The Best Oil-Free Vegan Italian Pasta Salad (with Protein Pasta)
This simple and delicious recipe for The Best Oil-Free Vegan Italian Pasta Salad is made with protein pasta for a satisfying meal. Whip this up for a quick lunch. Or, pack it for a picnic or your next summer party. Everyone will love it!
To boil the pasta: Bring a medium pot of water to boil over high heat. Once at a rolling boil, add the chickpea pasta. Cook according to package instructions, about 6-8 minutes. Cook just shy of done or until "al dente". You want the pasta to still have a little bit to soak up the flavors of the salad.
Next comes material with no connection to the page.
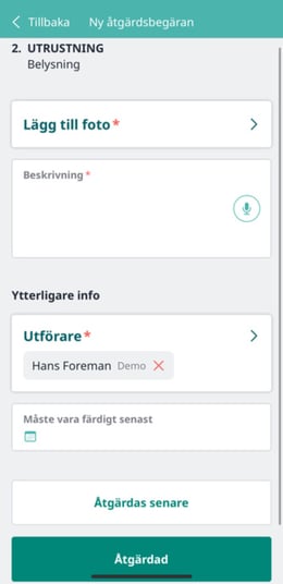 3. Fyll i uppgifterna för åtgärdsanmärkningen och markera om åtgärden har utförts direkt eller ska utföras senare.
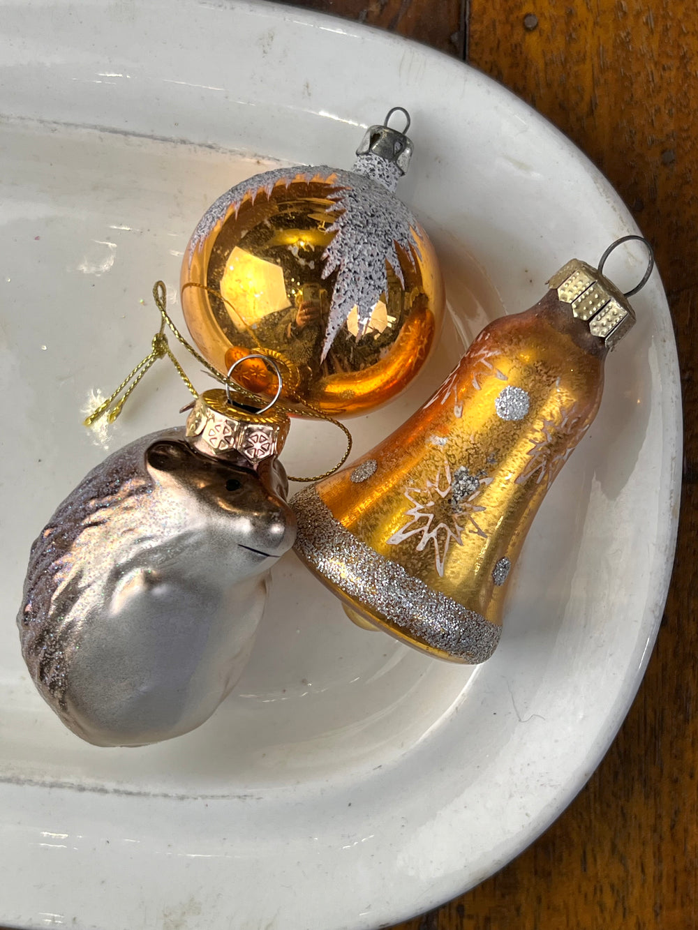 Set di dieci palline in vetro vintage dai toni dell'oro e del marrone. Pezzi unici, piani di storia ed incanto, pronti a brillare sul tuo albero.

While the pasta water comes to a boil, prepare your other ingredients.
In a large bowl, combine the red onion, red wine vinegar, Italian seasoning, salt, pepper, and nutritional yeast. Let sit for a few minutes (while the pasta is cooking) to help the onions soften.
Prepare the remaining ingredients, from the tomatoes to the fresh herbs. Add to the bowl with red wine vinegar mixture.
When the pasta is done cooking, immediately drain and rinse under cold water. Rinse for about a minute, stopping the cooking process, until the pasta is cool to the touch. Drain off any excess water.
Combine the cooked pasta with the vegetable and vinegar mixture. Toss well. Taste to adjust seasoning. Enjoy!